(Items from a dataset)
################

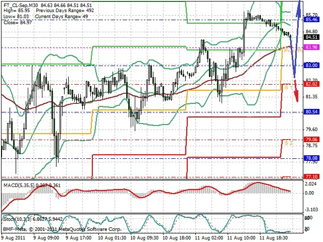 Předpokládaný pohyb pro dnešní den LONG. Případné vstupy do obchodu z hladiny 82.3 s předpokládaným cílem 87.3, případně až 90.25. Proražení hladiny 82.3 může vést k pohybu s pravděpodobným cílem 80.7 až 79.5.
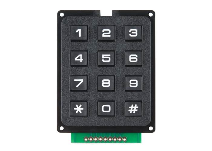 This is a basic 12 button keypad that has been designed for easy user input and functionality. The buttons are set up in a matrix format. This allows a microcontroller to 'scan' the 7 output pins to see which of the 12 buttons is being pressed.
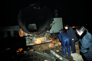 爆炸的罐車為河北牌照,車頭已被炸扁,密封的罐身已被炸得前后貫通,車前的墻壁被爆炸產生的氣浪沖倒。并排停在爆炸罐車后面10米遠的、分別掛有山東和江蘇牌照的兩輛罐車,車頭均部分損毀,罐身上“危險品”、“易燃易爆品”字跡仍清晰可見。
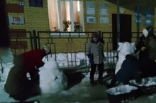 Сегодня коллектив начальной школы -детского сада и родители лепили снежные фигуры/ Бүген мәктәп-бакча коллективы һәм әти-әниләр кардан фигуралар ясадылар.
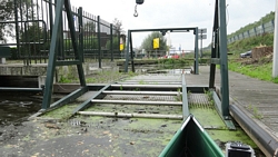 Daarna komen we bij het eerste echte obstakel, een boothelling. Ik kende dat wel van plaatjes maar S. had het nog nooit gezien. Best handig maar ik snap niet waarom we niet gewoon door kunnen varen eerlijk gezegd.
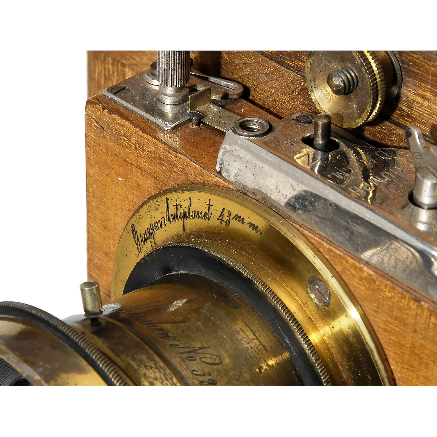 Unmarked early field camera with rotating focusing screen back (portrait and landscape format), size 13 x 18 cm (5 x 7 in.), polished wood with brass fittings, green conical bellows. With Steinheil "Gruppen-Antiplanet 43 mm", F = approx. 10 in., serial no. 32656, produced c. 1891, with original rare aperture and ring in "Triumph" roller-blind shutter, shutter and aperture in good working condition.

################

Beginning with the line that contains "爆炸的罐車為河北牌照,車頭已", repeat every remaining line of the data exactly, the last line included, and omit pictures.

 爆炸的罐車為河北牌照,車頭已被炸扁,密封的罐身已被炸得前后貫通,車前的墻壁被爆炸產生的氣浪沖倒。并排停在爆炸罐車后面10米遠的、分別掛有山東和江蘇牌照的兩輛罐車,車頭均部分損毀,罐身上“危險品”、“易燃易爆品”字跡仍清晰可見。
 Сегодня коллектив начальной школы -детского сада и родители лепили снежные фигуры/ Бүген мәктәп-бакча коллективы һәм әти-әниләр кардан фигуралар ясадылар.
 Daarna komen we bij het eerste echte obstakel, een boothelling. Ik kende dat wel van plaatjes maar S. had het nog nooit gezien. Best handig maar ik snap niet waarom we niet gewoon door kunnen varen eerlijk gezegd.
 Unmarked early field camera with rotating focusing screen back (portrait and landscape format), size 13 x 18 cm (5 x 7 in.), polished wood with brass fittings, green conical bellows. With Steinheil "Gruppen-Antiplanet 43 mm", F = approx. 10 in., serial no. 32656, produced c. 1891, with original rare aperture and ring in "Triumph" roller-blind shutter, shutter and aperture in good working condition.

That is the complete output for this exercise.